Analysis: Trump abdicating in the job he fought to retain
WASHINGTON — President Donald Trump’s days in office are numbered. But he’s already stopped doing much of his job.
In the last three weeks, a bomb went off in a major city and the president said nothing about it. The coronavirus surged to horrifying new levels of illness and death in the U.S. without Trump acknowledging the awful milestones. A violent mob incited by the president’s own words chanted for Mike Pence’s lynching at the U.S. Capitol and Trump made no effort to reach out to his vice-president.
Trump only belatedly ordered flags flown at half-staff to honour an officer who gave his life defending the Capitol, and couldn’t be bothered to describe the officer’s actions.

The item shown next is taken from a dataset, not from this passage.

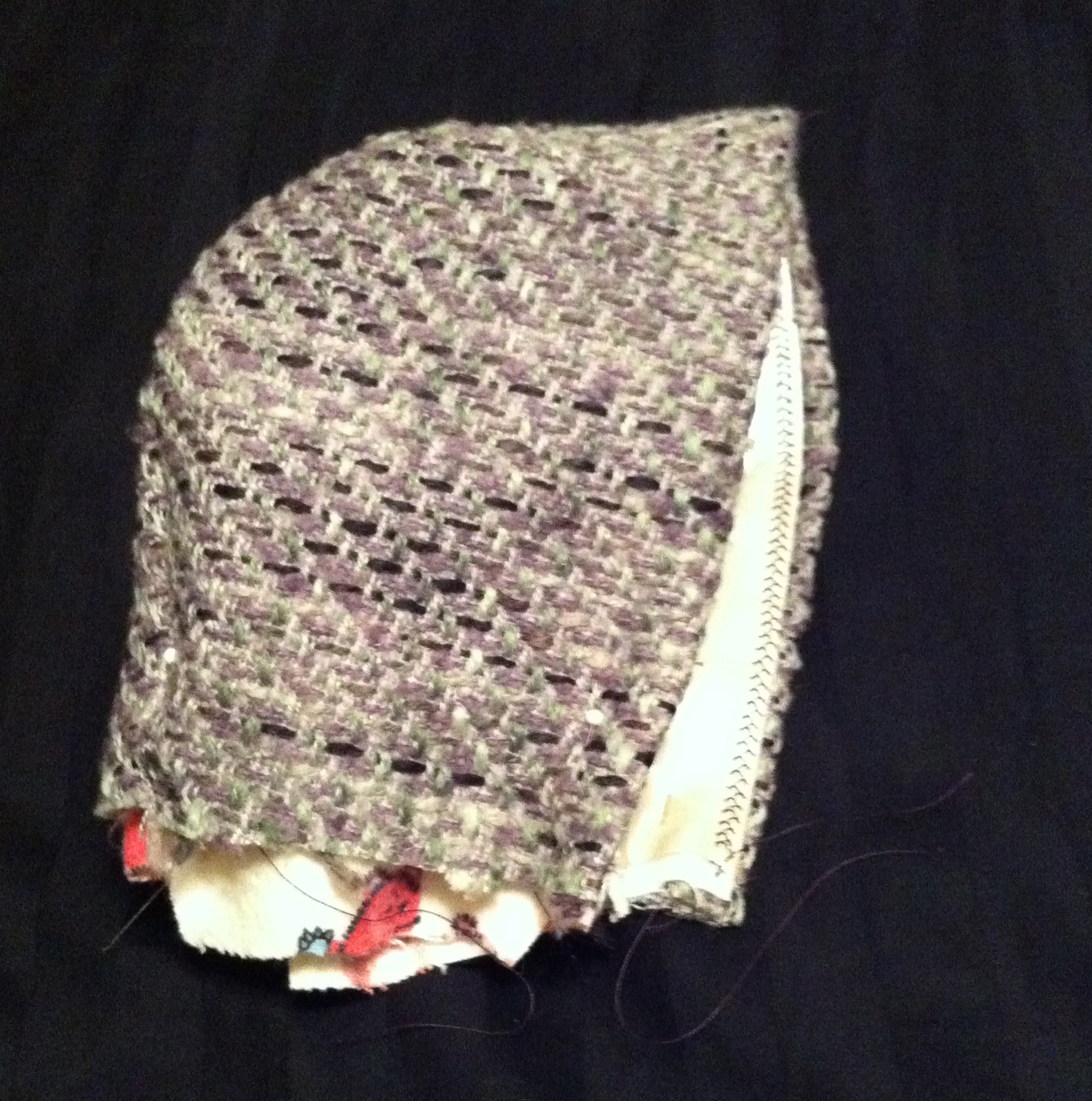 As you may have noticed, the pattern included an adorable bonnet. I was pretty excited about this, until I got it to this point, and looked at it, and realized that it was highly unlikely to actually fit, or cover anything enough to keep it warm if it did. So it went to the bottom of the queue and didn’t get finished. It would’ve been lovely, though.

On Tuesday, he denied any responsibility for fomenting the insurrection at the Capitol and said his remarks to supporters who stormed the building in events that took the lives of five people, including a Capitol Police officer, were “totally appropriate.”
The transgressions, big and small — of norms, of leadership, of basic decency — cast a pall over his final days in office, and, in the view of even close advisers speaking privately, have indelibly stained his legacy. A half-dozen current administration officials expressed dismay at the president’s action’s in recent weeks, speaking on the condition of anonymity because they are still working for Trump.